AIM OF THE TASK:
Find the line with "देशासाठी जन्म आपुला" in the data below. Repeat it and every line after it exactly, but not the pictures.

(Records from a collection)
══════════════════════════════

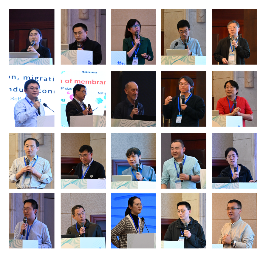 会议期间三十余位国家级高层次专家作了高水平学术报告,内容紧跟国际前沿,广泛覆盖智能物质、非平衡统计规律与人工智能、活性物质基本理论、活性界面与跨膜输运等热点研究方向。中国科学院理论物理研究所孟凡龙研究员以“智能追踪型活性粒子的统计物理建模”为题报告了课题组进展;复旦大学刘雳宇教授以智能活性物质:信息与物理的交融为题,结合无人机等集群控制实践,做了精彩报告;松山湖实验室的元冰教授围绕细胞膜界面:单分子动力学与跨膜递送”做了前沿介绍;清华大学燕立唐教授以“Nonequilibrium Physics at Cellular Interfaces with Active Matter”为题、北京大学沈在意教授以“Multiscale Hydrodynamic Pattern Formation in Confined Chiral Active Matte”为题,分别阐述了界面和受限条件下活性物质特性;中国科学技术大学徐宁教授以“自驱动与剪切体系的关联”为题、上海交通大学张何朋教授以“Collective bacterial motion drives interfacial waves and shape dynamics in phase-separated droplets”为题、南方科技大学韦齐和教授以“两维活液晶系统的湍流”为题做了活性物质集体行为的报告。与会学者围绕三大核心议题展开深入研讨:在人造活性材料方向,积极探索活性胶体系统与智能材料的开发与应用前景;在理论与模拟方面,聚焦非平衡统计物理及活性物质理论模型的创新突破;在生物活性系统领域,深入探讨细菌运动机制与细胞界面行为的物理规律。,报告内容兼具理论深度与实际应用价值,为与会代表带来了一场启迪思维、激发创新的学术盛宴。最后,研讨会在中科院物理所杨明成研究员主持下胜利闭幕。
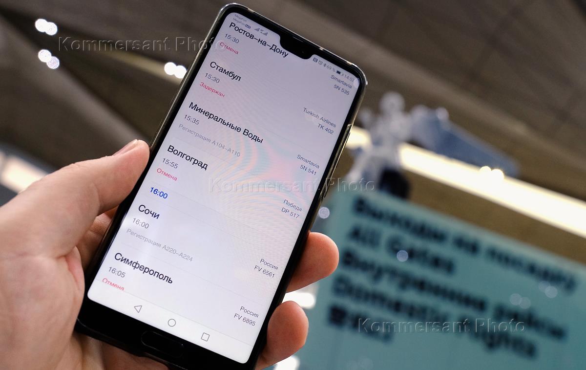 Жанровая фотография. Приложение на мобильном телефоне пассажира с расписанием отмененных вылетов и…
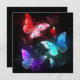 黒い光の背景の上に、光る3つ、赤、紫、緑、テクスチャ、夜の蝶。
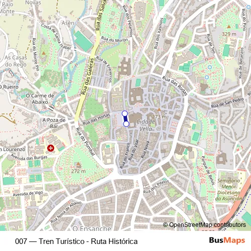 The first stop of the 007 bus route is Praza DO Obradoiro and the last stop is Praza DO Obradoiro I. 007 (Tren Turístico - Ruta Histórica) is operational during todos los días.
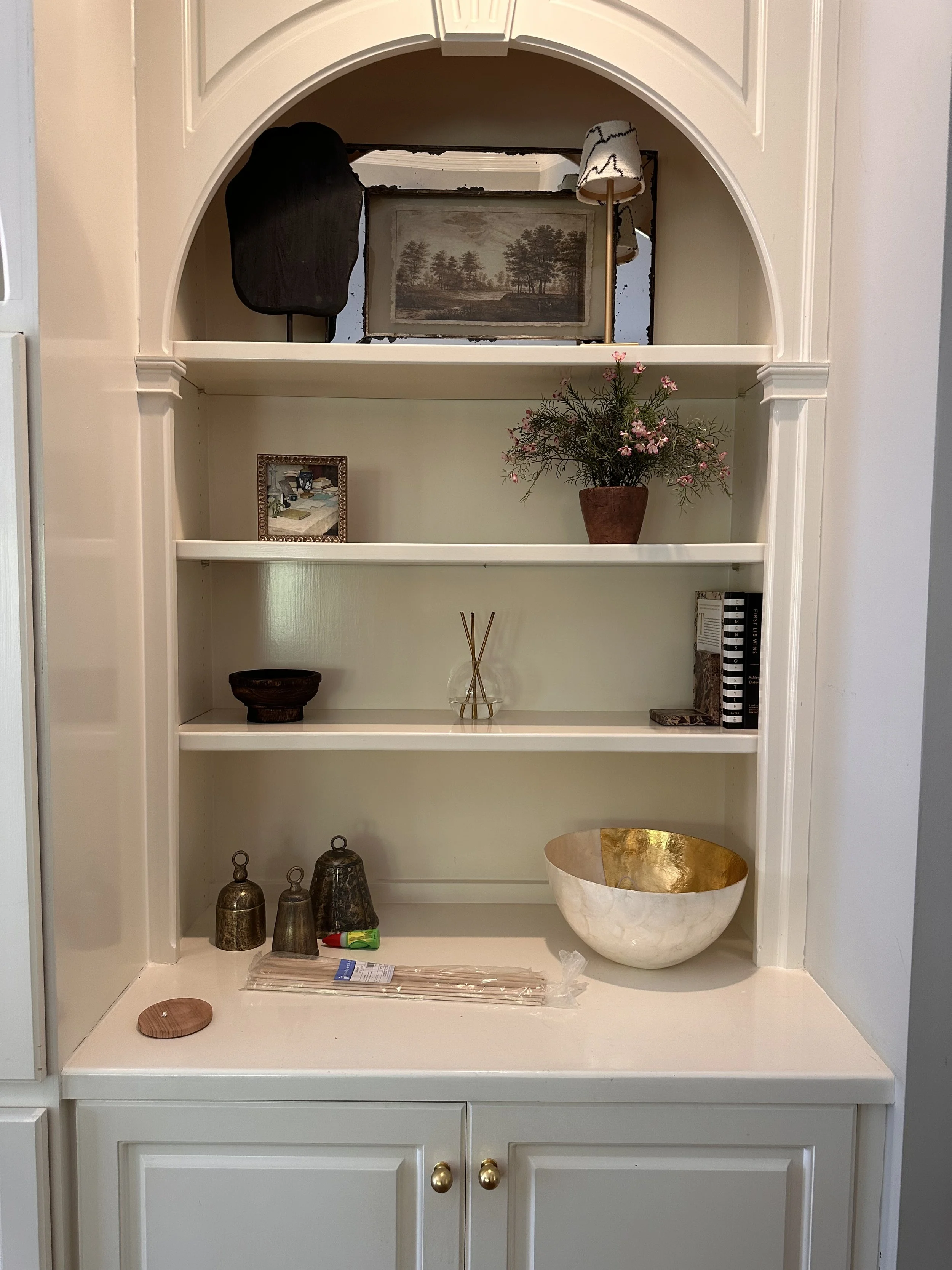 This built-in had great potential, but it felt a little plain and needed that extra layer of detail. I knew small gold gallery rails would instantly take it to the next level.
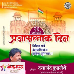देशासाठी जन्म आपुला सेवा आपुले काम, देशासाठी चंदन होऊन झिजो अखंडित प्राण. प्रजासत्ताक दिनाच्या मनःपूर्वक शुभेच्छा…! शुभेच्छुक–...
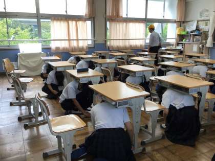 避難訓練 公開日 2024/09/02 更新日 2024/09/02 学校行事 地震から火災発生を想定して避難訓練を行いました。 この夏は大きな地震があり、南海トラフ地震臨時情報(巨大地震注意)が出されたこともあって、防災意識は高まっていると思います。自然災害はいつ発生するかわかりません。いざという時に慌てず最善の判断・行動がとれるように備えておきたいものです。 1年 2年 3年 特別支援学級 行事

══════════════════════════════

PROBLEM SOLUTION:
देशासाठी जन्म आपुला सेवा आपुले काम, देशासाठी चंदन होऊन झिजो अखंडित प्राण. प्रजासत्ताक दिनाच्या मनःपूर्वक शुभेच्छा…! शुभेच्छुक–...
 避難訓練 公開日 2024/09/02 更新日 2024/09/02 学校行事 地震から火災発生を想定して避難訓練を行いました。 この夏は大きな地震があり、南海トラフ地震臨時情報(巨大地震注意)が出されたこともあって、防災意識は高まっていると思います。自然災害はいつ発生するかわかりません。いざという時に慌てず最善の判断・行動がとれるように備えておきたいものです。 1年 2年 3年 特別支援学級 行事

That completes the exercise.